In 2015 while I was raising $10,000 USD for a Kickstarter to create my debut album as a Singer-songwriter, a friend of mine asked if I could cover ”Tongue” by R.E.M. It was a reward for one of the higher pledging tiers. I gladly covered the song, never really wondering what it was about, thinking that the title “Tongue” sounded abit sketch, but eh, I was not about to turn away an opportunity to make some much needed moolah for my precious debut album.
As I went on a trip down memory lane today on my YouTube channel, I found myself checking out the cover I did of this song in 2015; I was impressed with my guitar arrangement of it and my singing which was done in a suitable register for my voice… I had forgotten how I had come up with the guitar arrangement, it made me nostalgic for days of being immersed in my guitar (these days I’ve been spending more time on the piano).
Anyways, in the end, watching this cover I made of “Tongue” got me curious about the meaning behind the song.
I looked up the lyrics:
Call my name, here I come.
90 to nothing, watch me run.
You call.
I am ashamed to say.
Ugly girls know their fate.
Anybody can get laid.
You want a room with a fire escape.
I wanna tell you how much I hate this.
Don’t leave that stuff all over me.
It pains me.
Please just leave it.
I should toss that vanity license plate.
Toss that make-up painted face.
Box those poems, chocolate cake.
Scratch that name on the record player.
Please just leave me be.
Don’t lay that stuff all over me.
It crawls all over. All over me.
Call my name, here I come.
Your last ditch lay, will I never learn?
Caramel turn on a dusty apology.
It crawls all over me.
You turn all over.
It pains me.
Please just leave it.
To me, it sounds like someone is fed up with her partner. They are having more than just your garden variety relationship problems. Their problems range from disagreements over where to live, ”You want a room with a fire escape/I wanna tell you how much I hate this,” disagreements over space, “Please just leave me be,” communication problems, ”Caramel turn on a dusty apology/it crawls all over me” and finally, to what seems like a pattern of manipulation or abusive power and control dynamics, ”Call my name, here I come/ Your last ditch lay, will I never learn?”
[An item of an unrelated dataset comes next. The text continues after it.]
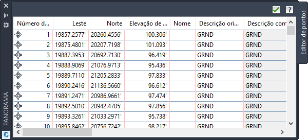Utilize a janela Panorámica para exibir os dados em uma grade.
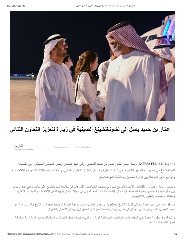 5/21/25, 4:20 PM ﻲﺋﺎﻧﺛﻟا نوﺎﻌﺗﻟا زﯾزﻌﺗﻟ ةرﺎﯾز ﻲﻓ ﺔﯾﻧﯾﺻﻟا ﻎﻧﯾﺷﺗﻐﻧوﺷﺗ ﻰﻟإ لﺻﯾ دﯾﻣﺣ نﺑ رﺎّﻣﻋ

Then I looked up various interpretations of the song lyrics online and the most consistent interpretation is that it is being sung from the perspective of a girl with low-self esteem who can’t leave an abusive relationship. She obviously doesn’t feel valued in the relationship, and it appears she is being used and she feels bad about it, “I am ashamed to say… /it crawls all over me/you turn all over/it pains me/please just leave it”
Sometimes we sing, read, see the things we are experiencing without even knowing it. Maybe you are drawn to a book, a song or a person, but you don’t really know why.
The external object to which you are drawn is merely answering a question that you have inside of you, a question that you may not even be aware of as yet.
As you can see from my ring finger in the video, I’m (at the point of the video’s recording) still married and stuck in an abusive relationship; at that time I was not aware there were dynamics of control and abuse in my relationship, and that I was on the receiving end of it. However, subconsciously I resonated with the song lyrics without knowing why exactly.
As a lover of lyrics and song meanings, it’s surprising I never bothered to really think about what the song meant – but somehow I interpreted and arranged this acoustic cover intuitively and captured the pain and conflicted feelings embedded in the song albeit with some degree of dispassion and aloofness.
Here’s the original, which looks and sounds quite different:
It’s interesting how we often do not see the forest for the trees, but our subconscious (or our authentic self) never stops trying to communicate to us anyways.
The next time you are drawn to or repelled by something, maybe you can ask yourself why. Really spend time thinking about it instead of accepting the obvious and immediate rationales you arrive at.
If you allow yourself to be curious about why you are drawn to, bored by, or repelled by something, maybe the answers you discover will surprise even yourself!